(Given data Opens)

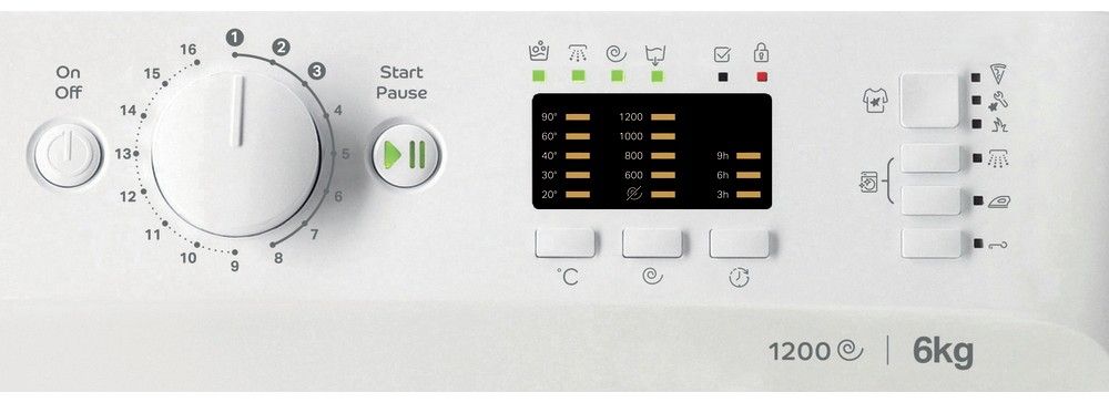 Pračka s předním plněním s max. kapacitou 6 kg a energetickou třídou F.
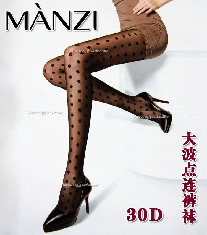 📚 美丫美 丝袜 Manzi曼姿30D大波点连裤袜圆点包芯丝黑色性感女袜
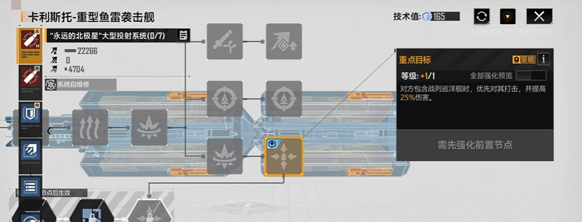 进入研究界面的技术研究区域后,针对目标舰船进行专项研究可提升其技术值。研究树系统会显示当前技术值进度,当航空母舰等大型舰船技术值累计达到200时即可获得金标标识。需不同舰种的技术值上限存在差异,需合理规划资源分配。
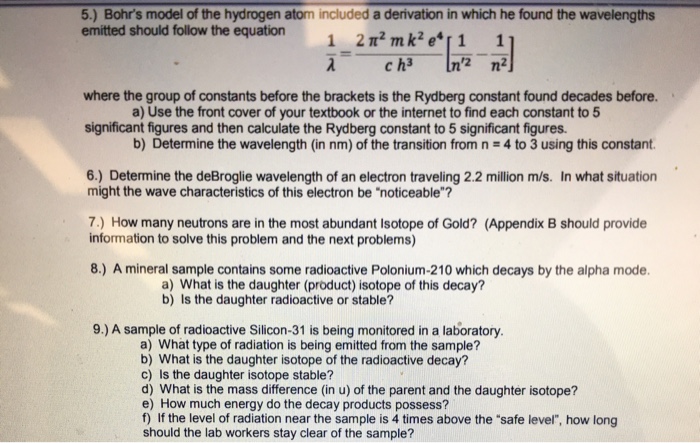 Solved 5 Bohr S Model Of The Hydrogen Atom Included A D
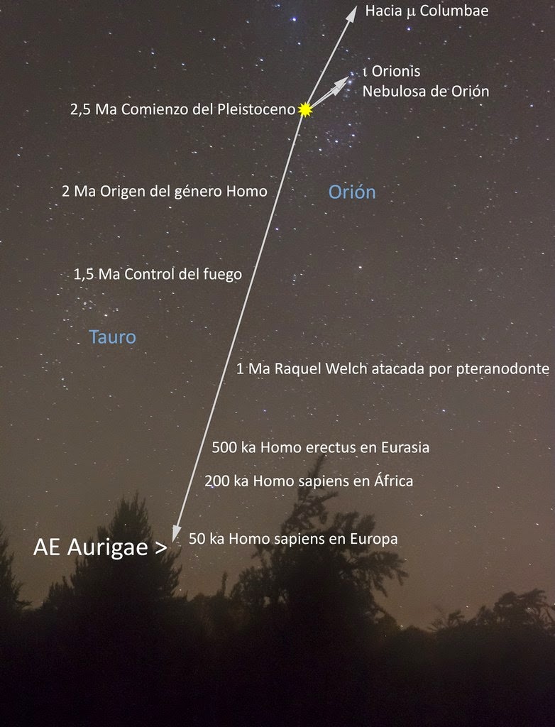Auriga es una constelación septentrional, bastante difícil de ver desde Bariloche. Pero casualmente, en diciembre, se me coló en varias fotos en las que intenté capturar la lluvia de Gemínidas. Aquí está. Marqué con una flecha su trayectoria durante los últimos 2 millones y medio de años (con eventos destacados por el camino). Flechas más cortitas marcan las trayectorias del centro de la Nebulosa de Orión (donde está el famoso Trapecio), y de la estrella Iota Orionis (la estrella más brillante de la Daga de Orión, que comentamos la semana pasada). Mu Columbae no cabe en esta foto, pero otra flecha marca hacia dónde está. Iota Ori es una binaria formada por dos estrellas de diferente edad: una de la edad de Mu Col, otra de la edad de AE Aur. ¡Ajá! Todas ellas estaban, hace dos millones y medio de años, en la misma región del espacio, el punto de donde salen las cuatro flechas y que marqué con una estrella amarilla. Qué promiscuidad.

(Given data Closes)

__Exercise aim__
Your output must consist only of the lines from the line with "美丫美 丝袜 Manzi曼姿30D大波点连裤袜圆点包芯丝黑色性感女袜" through the final line of the data, both included, reproduced exactly and free of pictures.

__Response for this exercise__
 📚 美丫美 丝袜 Manzi曼姿30D大波点连裤袜圆点包芯丝黑色性感女袜
 进入研究界面的技术研究区域后,针对目标舰船进行专项研究可提升其技术值。研究树系统会显示当前技术值进度,当航空母舰等大型舰船技术值累计达到200时即可获得金标标识。需不同舰种的技术值上限存在差异,需合理规划资源分配。
 Solved 5 Bohr S Model Of The Hydrogen Atom Included A D
Auriga es una constelación septentrional, bastante difícil de ver desde Bariloche. Pero casualmente, en diciembre, se me coló en varias fotos en las que intenté capturar la lluvia de Gemínidas. Aquí está. Marqué con una flecha su trayectoria durante los últimos 2 millones y medio de años (con eventos destacados por el camino). Flechas más cortitas marcan las trayectorias del centro de la Nebulosa de Orión (donde está el famoso Trapecio), y de la estrella Iota Orionis (la estrella más brillante de la Daga de Orión, que comentamos la semana pasada). Mu Columbae no cabe en esta foto, pero otra flecha marca hacia dónde está. Iota Ori es una binaria formada por dos estrellas de diferente edad: una de la edad de Mu Col, otra de la edad de AE Aur. ¡Ajá! Todas ellas estaban, hace dos millones y medio de años, en la misma región del espacio, el punto de donde salen las cuatro flechas y que marqué con una estrella amarilla. Qué promiscuidad.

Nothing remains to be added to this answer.